Data extracts |
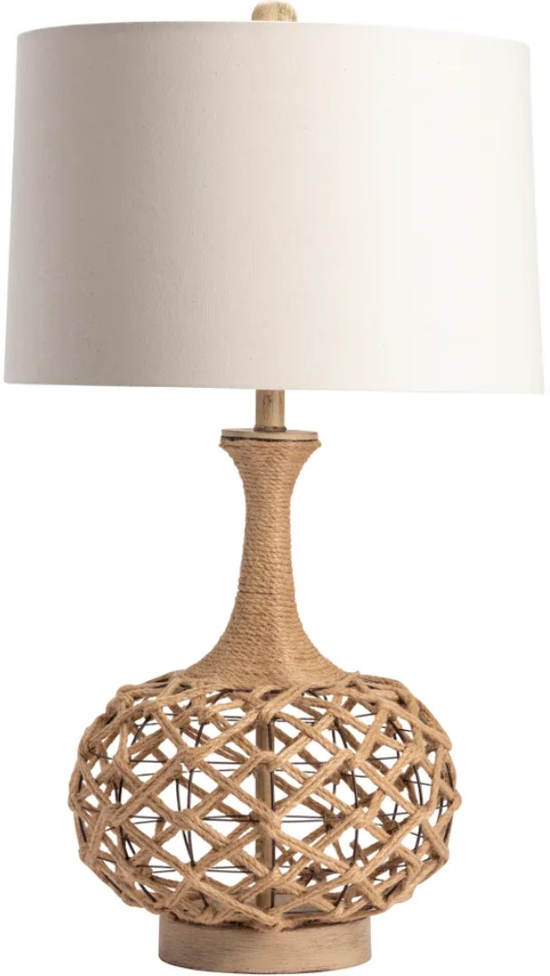 The Crestview Collection Myla Table Lamp features a woven hemp body. Faux wood accents complete the piece and pair well with the natural linen tapered shade. This rustic, coastal lamp has a bohemian style that adds a casual feel to your home.Read More
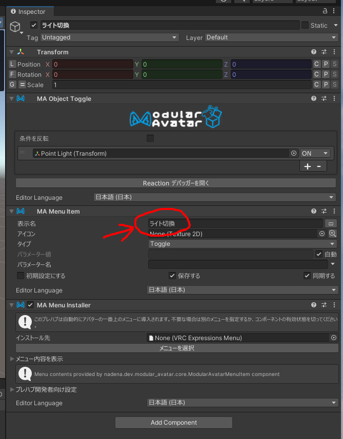 表示名は分かりやすいものに変更しておくことをお勧めします(変更するとヒエラルキー側のオブジェクトの名前も自動で書き換わります)。
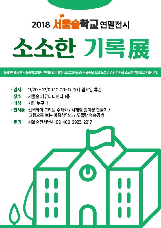 [전시] 서울숲학교 소소한 기록展프로그램By pg2018년 11월 16일Leave a comment 2018 서울숲학교 연말전시 🎄 소소한 기록 展 한 해를 마무리하며…. 봄부터 가을까지 진행되었던 많은…
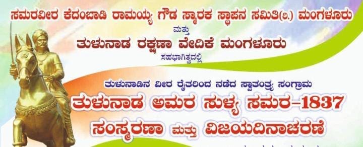 Mangaluru: ಸಮರವೀರ ಕೆದಂಬಾಡಿ ರಾಮಯ್ಯ ಗೌಡ ಸ್ಮಾರಕ ಸ್ಥಾಪನ ಸಮಿತಿ(ರಿ.) ಮಂಗಳೂರು (Mangaluru) ತುಳುನಾಡ ರಕ್ಷಣಾ ವೇದಿಕೆ ಮಂಗಳೂರು ಸಹಭಾಗಿತ್ವದಲ್ಲಿ ಮತ್ತು ತುಳುನಾಡಿನ ವೀರ ರೈತರಿಂದ ನಡೆದ ಸ್ವಾತಂತ್ರ್ಯ ಸಂಗ್ರಾಮ ತುಳುನಾಡ ಅಮರ ಸುಳ್ಯ ಸಮರ-1837 ಸಂಸ್ಮರಣಾ ಮತ್ತು ವಿಜಯ ದಿನಾಚರಣೆ ಕಾರ್ಯಕ್ರಮ ಪ್ರಯುಕ್ತ ವಿದ್ಯಾರ್ಥಿಗಳಿಗೆ ಚಿತ್ರಕಲಾ ಸ್ಪರ್ಧೆ ನಡೆಯಲಿದೆ.
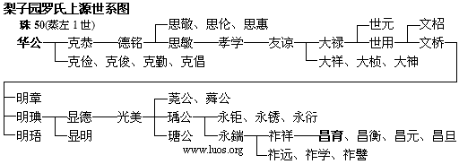 珠公→34世崱→达→珣→仕逢→元圭→志大→宗礼→盛器→浩然→仕颖→昭先→才举、才俊→大经、大异→仲远→介成→秀→50世华
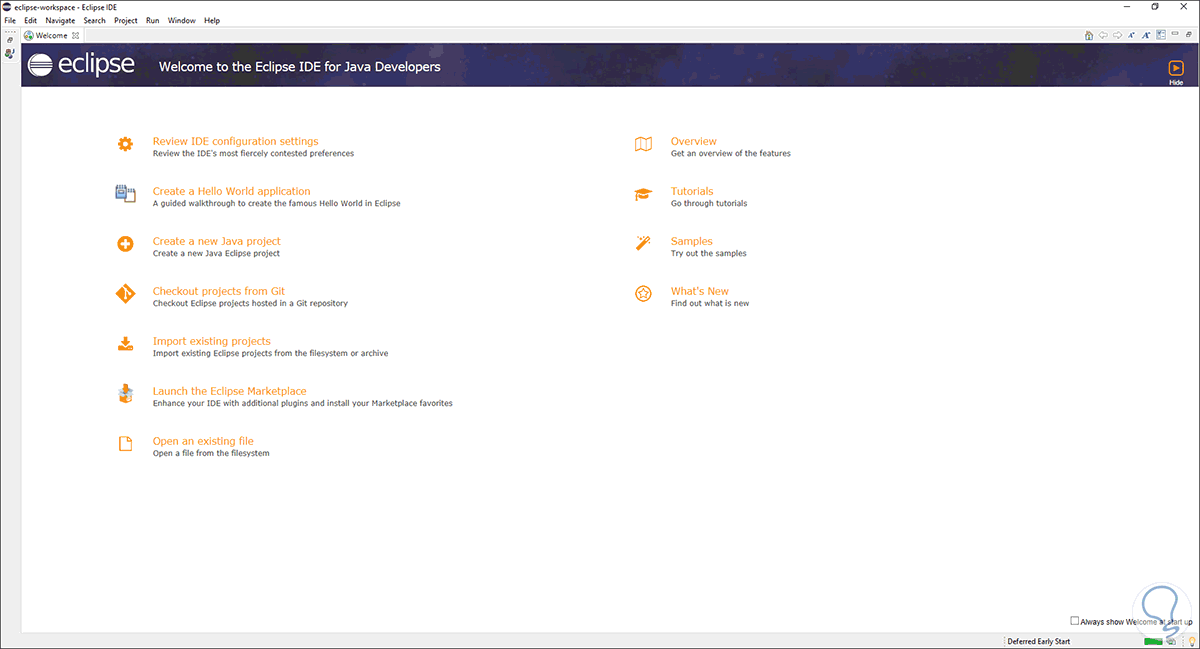 Al cargarse Eclipse veremos lo siguiente:
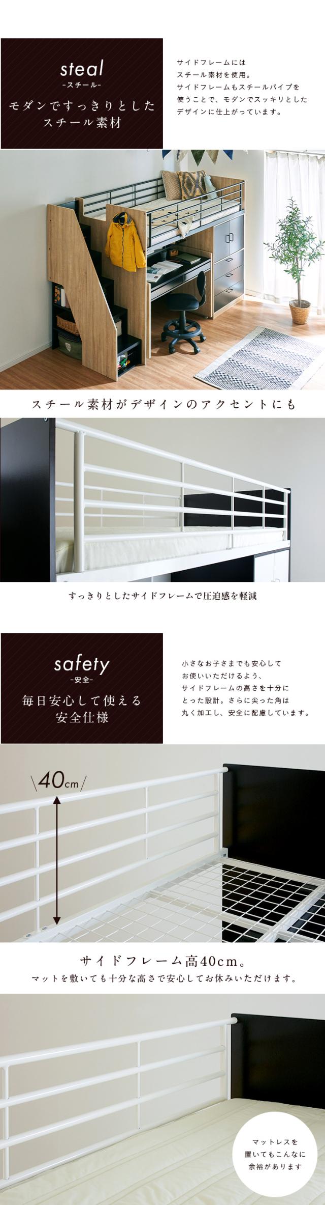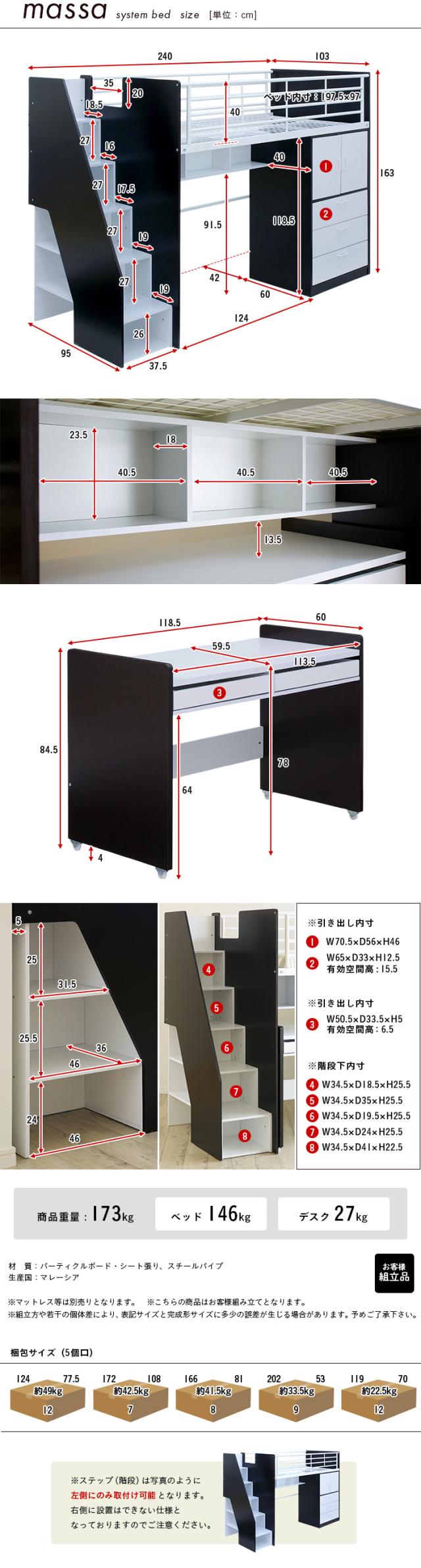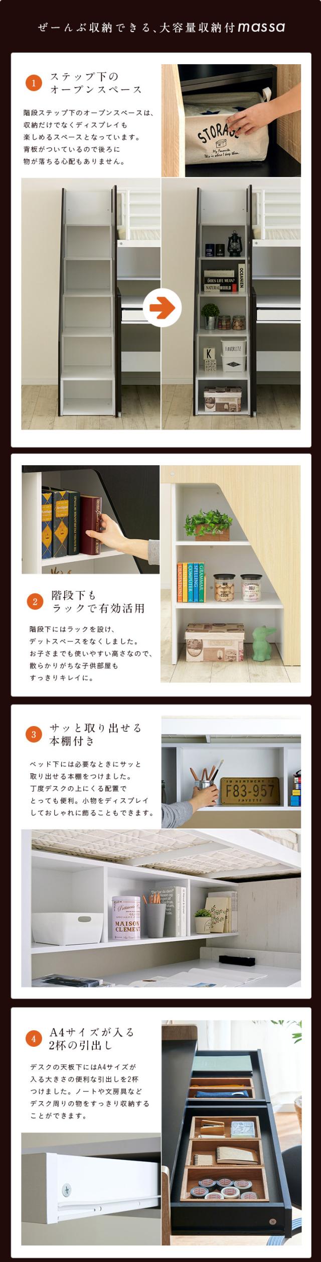 【大容量収納/階段付き】ロフトシステムベッド massa3(マッサ3) 4色対応 システムベッド ロフトベッド システムベッドデスク システムベット ロフトベット 子供用ベッド 子供 ベッド 階段 木製 子供部屋
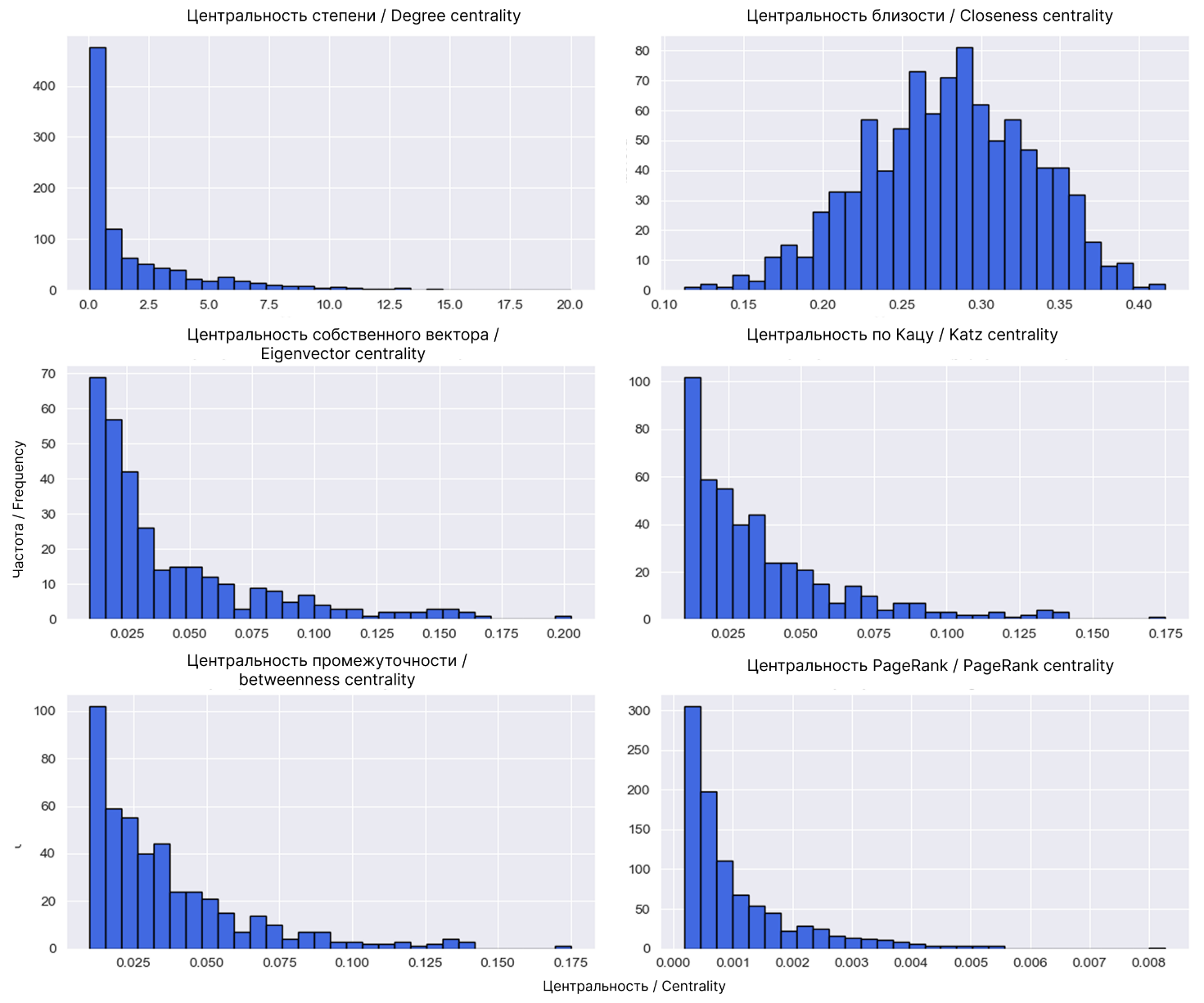 На рис. 4 представлены распределения значений центральности степени, собственного вектора, центральности по Кацу, промежуточности, близости и PageRank.
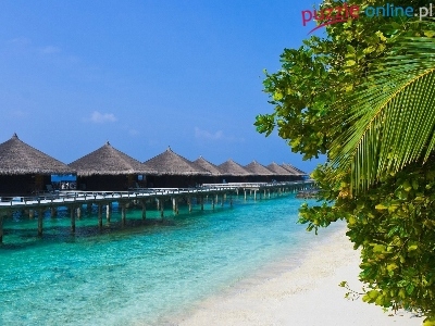 Puzzle Domki, Morze, Plaża, Palmy

Problem to solve |
Every line from the one containing "Al cargarse Eclipse" to the final line of the records must be transcribed exactly, both ends included, with the pictures left out.

Exercise output |
 Al cargarse Eclipse veremos lo siguiente:
 【大容量収納/階段付き】ロフトシステムベッド massa3(マッサ3) 4色対応 システムベッド ロフトベッド システムベッドデスク システムベット ロフトベット 子供用ベッド 子供 ベッド 階段 木製 子供部屋
 На рис. 4 представлены распределения значений центральности степени, собственного вектора, центральности по Кацу, промежуточности, близости и PageRank.
 Puzzle Domki, Morze, Plaża, Palmy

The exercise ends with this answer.